Ответом были неловкие смешки.
– А теперь, – возвестила Салли, – прежде чем засучим рукава и приступим к серьезному делу – то есть трате денег, – наш обожаемый директор, наш мистер Чипе[16] Роберт Коновер хочет выступить с обращением. Роберт?..
Директор прокладывал путь к платформе из дальнего угла гостиной. Когда он начал произносить речь, Грейс особенно не слушала, понимая, что слова прозвучат вполне предсказуемые. Опять благодарности, снова напоминания, для какой цели собираются деньги, и разглагольствования на тему, как приятно, что работа учителей получила столь высокую оценку. От скуки Грейс принялась глазеть по сторонам. Сильвия сидела рядом с ней за маленьким столиком. Перед ней наготове стоял ноутбук – Сильвии было поручено записывать ставки. Грейс посмотрела на экране время. Двадцать тридцать шесть. Джонатан не просто задерживался, а опаздывал, причем очень серьезно. Грейс прочесала взглядом толпу, для удобства мысленно поделив ее на сектора. Сначала справа налево, потом спереди назад. Джонатана среди гостей не оказалось. И в дверях его тоже не было видно. Тут в холл влетела маленькая группа, состоящая из опоздавших пар. Грейс признала в них родителей учеников младшей подготовительной группы. Джонатана с ними не было. Видно, вновь прибывшие все вместе начали праздновать торжественное событие заранее, в процессе чего напились до такой степени, что не заметили в холле вешалки. Припозднившиеся гости ввалились в гостиную в темных мехах и кашемире, смеясь над чем-то явно забавным, но не имеющим отношения к аукциону. Тут один мужчина наконец сообразил, куда они пришли и зачем, и велел остальным троим помалкивать. Между тем лифт за ними закрылся, а Джонатан все не шел.

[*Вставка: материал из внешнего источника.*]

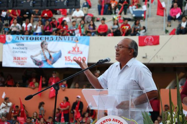 Hace once años emprendimos en Mexicali esta tarea desde cero y no ha sido nada fácil, como no la ha sido para el antorchismo en ninguna parte. Nos enfrentamos, entre diversas dificultades, al bloqueo de las autoridades estatales y municipales que canalizan los escasos apoyos y obras populares hacia su clientela política, y no hacia donde son más demandados, nos enfrentamos incluso a su franca represión. Hace tres años, el 24 de julio de 2014, el ala más reaccionaria del panismo cachanilla representada por el entonces alcalde, Jaime Diaz, golpeo a una pacífica manifestación antorchista y detuvo a cinco activistas, entre ellos al jefe de este seccional, el profesor Dióscoro Gómez, pensando que de esa manera iba a desbaratar a Antorcha, que por aquellas fechas no llegaba ni a dos mil agremiados. Pero hoy estamos aquí los antorchistas mexicalenses, como reza la canción del Cachanilla, orgullos y cumplidores, para decirles a los panuchos represores que estamos de pie, que ya no somos los mil quinientos de 2014, que con este evento les decimos que por ese camino no nos van a detener, que lo que más les conviene es resolver las demandas del pueblo, porque a Antorcha en Baja California no la para nadie, que vamos a seguir multiplicando las fuerzas del pueblo organizado hasta mandar al basurero a todos los políticos que se opongan al progreso del pueblo.
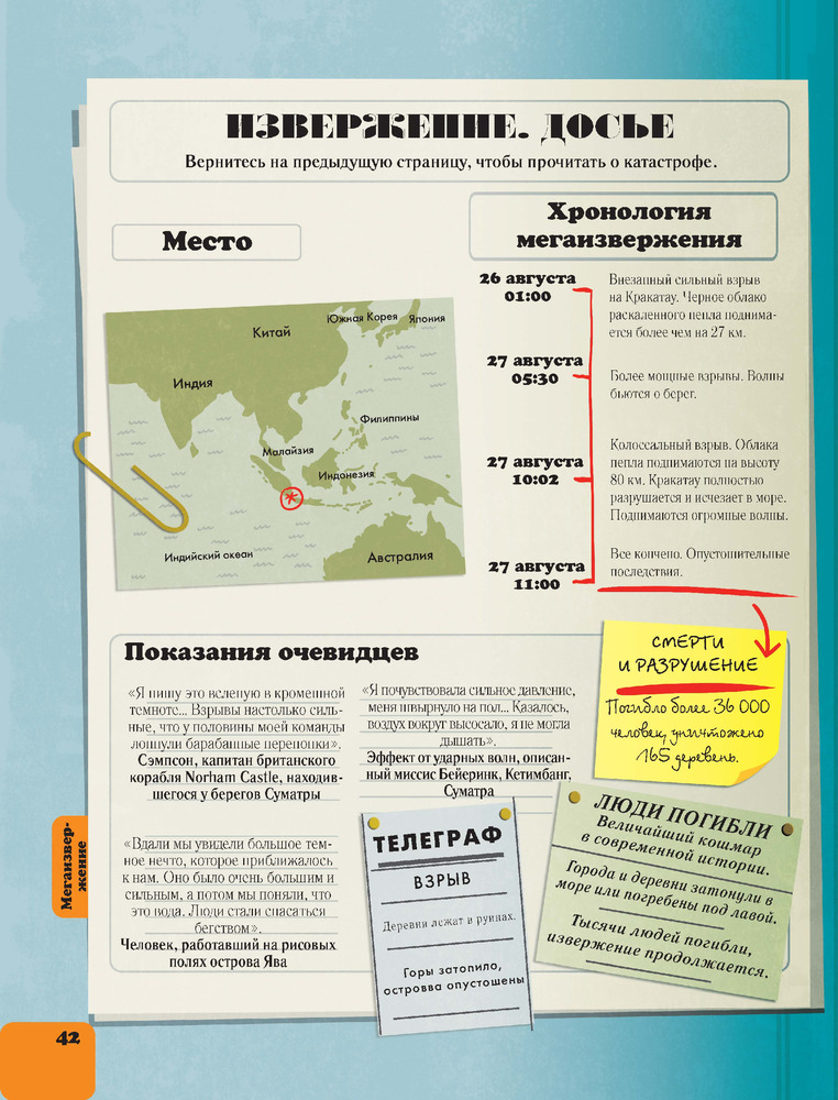 Реальные катастрофы. Что случилось на самом деле?В данный момент этот товар отсутствует в продаже. Возможно, у нас найдется аналогичный или похожий товар здесь. Серия: Энциклопедия секретных материалов Энциклопедия «Реальные катастрофы» расскажет о самых громких и масштабных катастрофах, которые случались на Земле на протяжении всей ее истории.Вас ждут природные катастрофы — от вымирания динозавров до ужасных извержений вулканов, торнадо и смертельных болезней — а также катастрофы, созданные руками человека, от крушения «Титаника» до разрушения целых городов.Вы узнаете, где, когда и почему произошла катастрофа, изучите все известные на сегодняшний день факты и главное прочитаете о том, что можно сделать, чтобы избежать подобных трагедий в будущем. Может быть, вы и сами захотите стать специалистами по расследованию катастроф?Для среднего школьного возраста.Почему происходят катастрофы и можно ли их предотвратить?От самых разрушительных извержений вулканов до крушения «Титаника» и взрывов на нефтяных платформах — узнайте, почему происходят катастрофы, как эксперты изучаютих и какие меры принимают, чтобы подобное не повторилось. |

Значит, визит соболезнования затянулся. Должно быть, родители не захотели отпускать его без угощения или матери в присутствии лечащего врача сына стало немного легче на душе. А может, собрался миньян[17], чтобы произнести кадиш[18]. В таком случае Джонатан никак не мог уйти и должен был хотя бы поприсутствовать и покивать в такт – вряд ли даже после стольких похорон пациентов он помнит слова молитвы наизусть. Грейс поражало, как он это выдерживает – еще одна шива, еще одна скорбящая семья, еще один кадиш. Джонатан несет на себе поистине непомерный груз – больные дети, их испуганные родители… По сравнению со сверкающей роскошной комнатой все это совершенно другой мир, подумала Грейс, обводя взглядом чуть раскрасневшиеся лица гостей. Слушая директора, они радостно кивали – видимо, директор говорил что-то приятное. Наверное, сообщал, что благодаря их здоровым, крепким детям школа заняла высокое место в очередном рейтинге частных образовательных учреждений Нью-Йорка. А может, рассказывал, что среди выпускников Реардона процент поступивших в университеты Лиги плюща выше, чем в Тринити и Ривердейле. Точно по команде, гости дружно улыбались и смеялись. А почему бы и нет? Здесь, в этом возвышавшемся над обыденными заботами пентхаусе, у всех все хорошо. Мужчины приумножают богатства, а женщины на добытые средства вьют роскошные гнездышки. И всех объединяет благородная цель – проявить «самоотверженность» и собрать пожертвования на школу, где учатся их же дети. Даже трудно представить, что где-то кто-то может переживать трагедию, свидетелем и участником которой стал Джонатан. Грейс представила мужа в крошечной квартирке в Краун-Хайте вместе с другими горюющими. К пальто приколот квадратный кусок ткани[19]. Вот он пожимает руки, склоняет голову, когда произносят молитвы, и чувствует – уж в этом Грейс была уверена, – что во всем виноват он.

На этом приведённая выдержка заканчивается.